CHAPTER TWELVE: Resource Management: 1916-Present E. RESOURCE MANAGEMENT: 1970s-1980s

Crater Lake National Park: Administrative History by Harlan D. Unrau and Stephen Mark, 1987

 CHAPTER TWELVE: Resource Management In Crater Lake National Park: 1916-Present

 

E. RESOURCE MANAGEMENT: 1970s-1980s

Resource management concerns continued to be the focus of considerable attention by Crater Lake National Park personnel during the 1970s and 1980s. In June 1970 the Service adopted three objectives that would govern the parameters for resource management concerns for the decade. These were:

a. The primary natural resources of the park will be managed to insure the perpetuation of the factors basic to the park’s establishment

b. Encourage and administer a viable and purposeful research program

c. Road systems and park developments will be brought into balance with demonstrated visitor use patterns with regard to the influence on existing ecosystems [51]

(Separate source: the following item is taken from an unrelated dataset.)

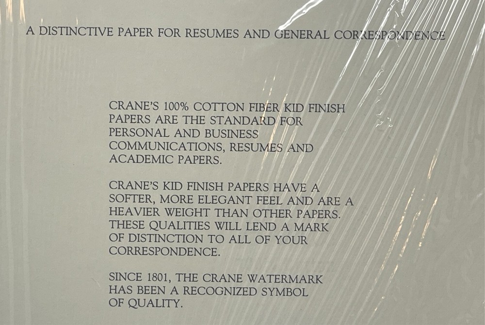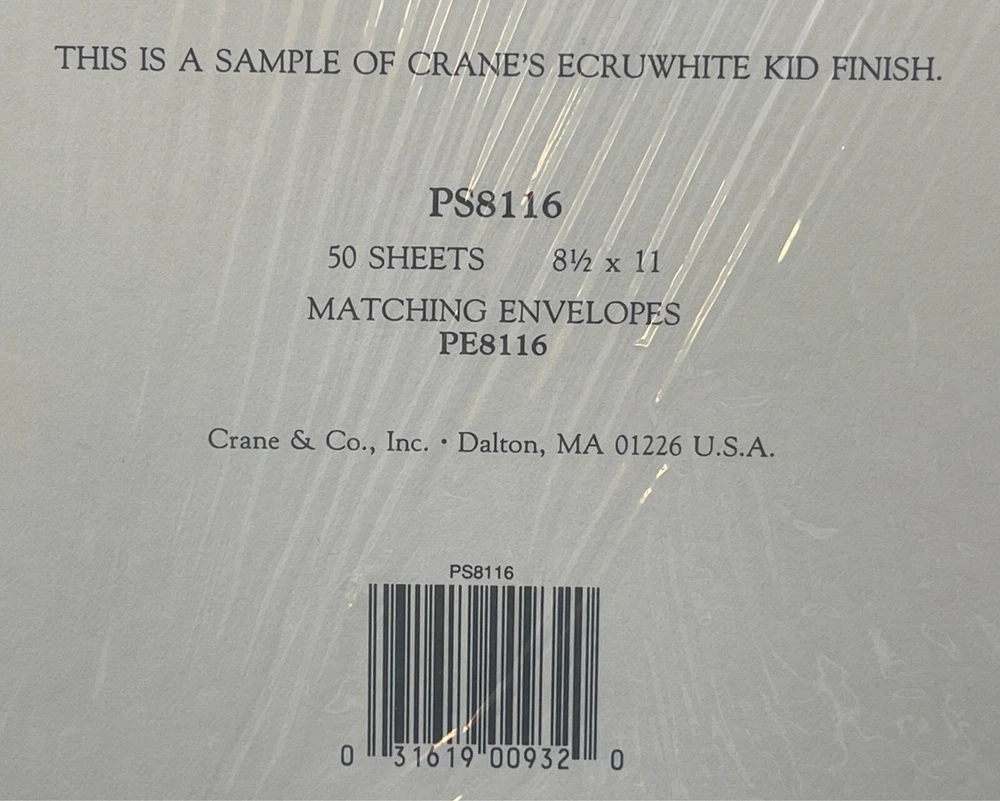 Vintage Crane & Co. Kid Finish 100% Cotton Fiber Paper (NO Envelopes, the back of the box simply states the matching envelope product number for reference) (A distinctive Paper for Resumes and General Correspondance) New Old Stock- Factory Sealed / Packaging (*NOTE that Plastic Shrink wrap is torn) Label Reads: PS8116 Size: 8-1/2 x 11 Kid Finish 100% Cotton Fiber Paper (50 Sheets) Box shows signs of handling and age wear, with a black spot on side of box & black scuff mark on back. The plastic wrap on the outside of the box is torn in several places (Please Zoom in on Photos), but Merchandise inside remains untouched. Item has been in a climate controlled storage room for 25 years, after the original owners closed their stationary store. I try my best to take good quality pictures so you can determine that the overall condition meets your requirements and expectations. Therefore, please zoom-in to review the condition of the product. I check each item before listing, and state in the description any flaws that I see. However, it is possible to make a mistake. If there is a problem with your purchase, please contact me, and I will try to resolve any issues you have. I strive for 100% customer satisfaction. Positive Reviews are very much appreciated! Return Policy: I accept returns within 15 days of purchase. Items must be returned in the same condition. Return shipping is the buyers responsibility. You will receive a refund for the actual cost of the item and the original postage fee only.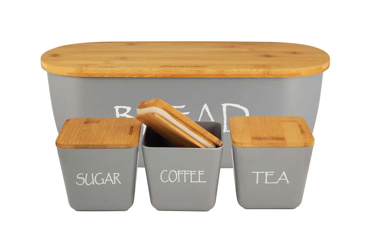 Хлібниця бамбукова Kamille – 360 x 202 x 135мм + 3 ємності сіра

One of the primary issues that continued to face park officials in the early 1970s was wildlife management, particularly as it pertained to black bear. Thus in November 1974 Superintendent Sims approved a bear management plan that was in line with the NPS Advisory Board on Wildlife Management’s recommendation “that the biotic associations within each park be maintained or, where necessary, recreated as nearly as possible in the condition that prevailed when the area was first visited by white man.”